-- Extracted material follows --

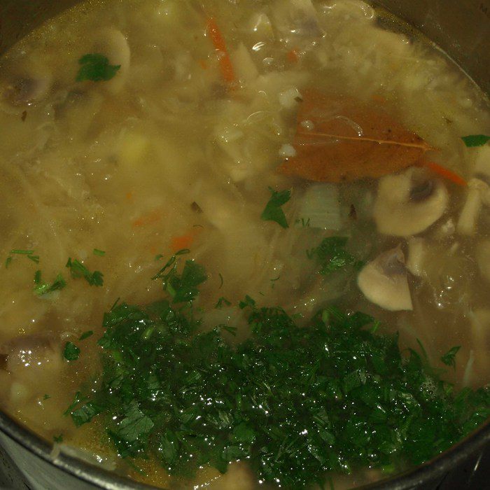 Отправляем в густой картофельный отвар тушенную капусту с грибами, добавляем остатки зелени, лавровый лист. Соль, перец по вкусу и оставляем томиться на медленном огне 10-15 минут.
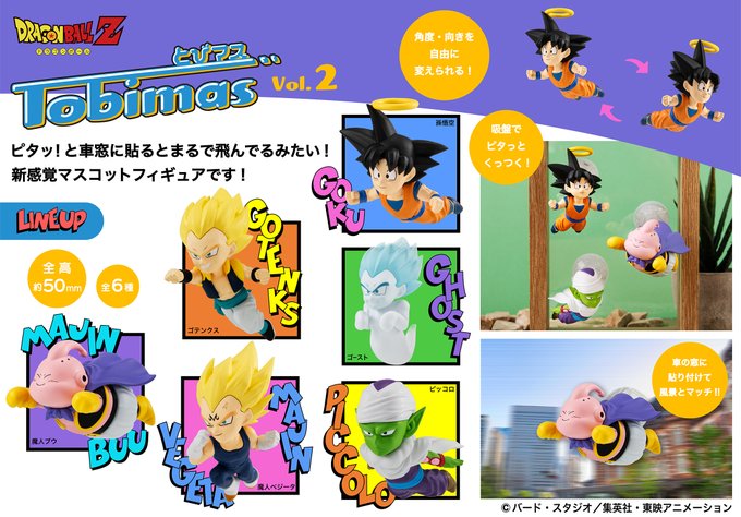 A linha Tobimas são figuras que se fixam com ventosas, criando o efeito visual de personagens “voando”. É possível prender em janelas, superfícies lisas ou até usar em carros e as peças possuem cerca de 50 mm de altura com suporte com ventosa, permitindo ajustes.
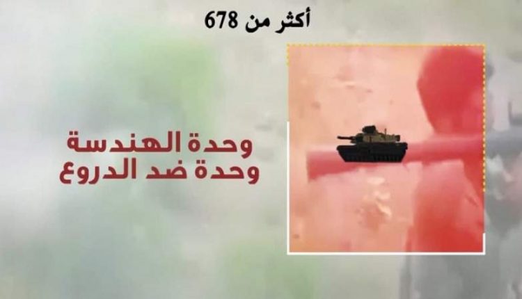 وأوضح العميد سريع أن إجمالي عمليات ضد الدروع بلغت أكثر من 678 عملية منها، استهداف أكثر من 101 آليات عسكرية محملة بالأفراد والعتاد العسكري، وأكثر من 35 مدرعة و20 دبابة و21 جرافات وعربات عسكرية و88 عملية استهداف لأسلحة ثقيلة ورشاشات، بالإضافة لـ 413 عملية استهداف لتحصينات وتجمعات العدو.
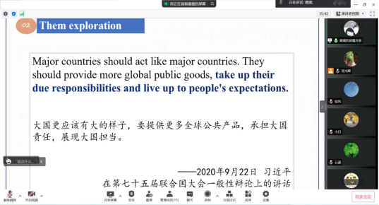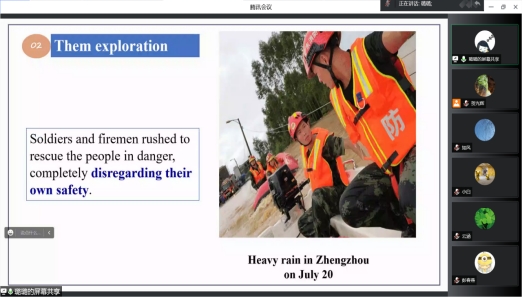 会议第二项,为了积极响应并落实学校安排的评建任务,由李璐老师为大家展示自己的基于课程思政的大学英语课堂教学,李璐老师的课件制作精美,内容丰富,英语口语流利,课程内容精彩纷呈,并巧妙结合了相关的课程思政元素。全体老师通过观摩、学习、讨论,深挖课程思政内涵,真正理解什么是课程思政。并以团队协作的形式完成下学期开设课程的思政设计,相关设计要符合《纲要》要求,与课程内容紧密结合,同时又能润物无声,避免学生抵触心理。
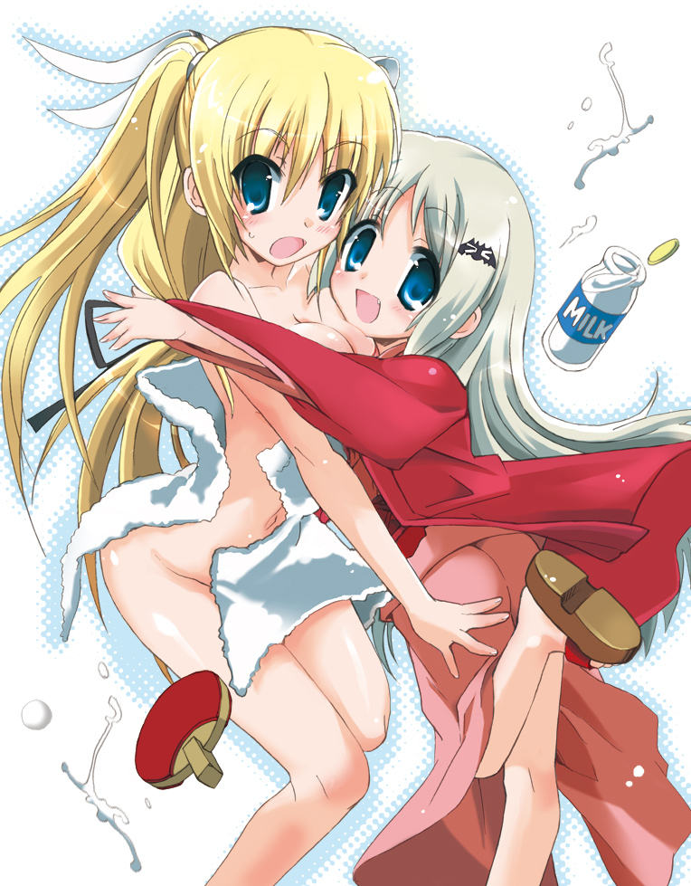 2girlsblonde hairblue eyeslong hairmilkmultiple girlsnudepaddletabletable tennistable tennis paddletowel

-- Extracted material concluded --

Prompt
Would you give the records again exactly, dropping the pictures?

Your solution
 Отправляем в густой картофельный отвар тушенную капусту с грибами, добавляем остатки зелени, лавровый лист. Соль, перец по вкусу и оставляем томиться на медленном огне 10-15 минут.
 A linha Tobimas são figuras que se fixam com ventosas, criando o efeito visual de personagens “voando”. É possível prender em janelas, superfícies lisas ou até usar em carros e as peças possuem cerca de 50 mm de altura com suporte com ventosa, permitindo ajustes.
 وأوضح العميد سريع أن إجمالي عمليات ضد الدروع بلغت أكثر من 678 عملية منها، استهداف أكثر من 101 آليات عسكرية محملة بالأفراد والعتاد العسكري، وأكثر من 35 مدرعة و20 دبابة و21 جرافات وعربات عسكرية و88 عملية استهداف لأسلحة ثقيلة ورشاشات، بالإضافة لـ 413 عملية استهداف لتحصينات وتجمعات العدو.
 会议第二项,为了积极响应并落实学校安排的评建任务,由李璐老师为大家展示自己的基于课程思政的大学英语课堂教学,李璐老师的课件制作精美,内容丰富,英语口语流利,课程内容精彩纷呈,并巧妙结合了相关的课程思政元素。全体老师通过观摩、学习、讨论,深挖课程思政内涵,真正理解什么是课程思政。并以团队协作的形式完成下学期开设课程的思政设计,相关设计要符合《纲要》要求,与课程内容紧密结合,同时又能润物无声,避免学生抵触心理。
 2girlsblonde hairblue eyeslong hairmilkmultiple girlsnudepaddletabletable tennistable tennis paddletowel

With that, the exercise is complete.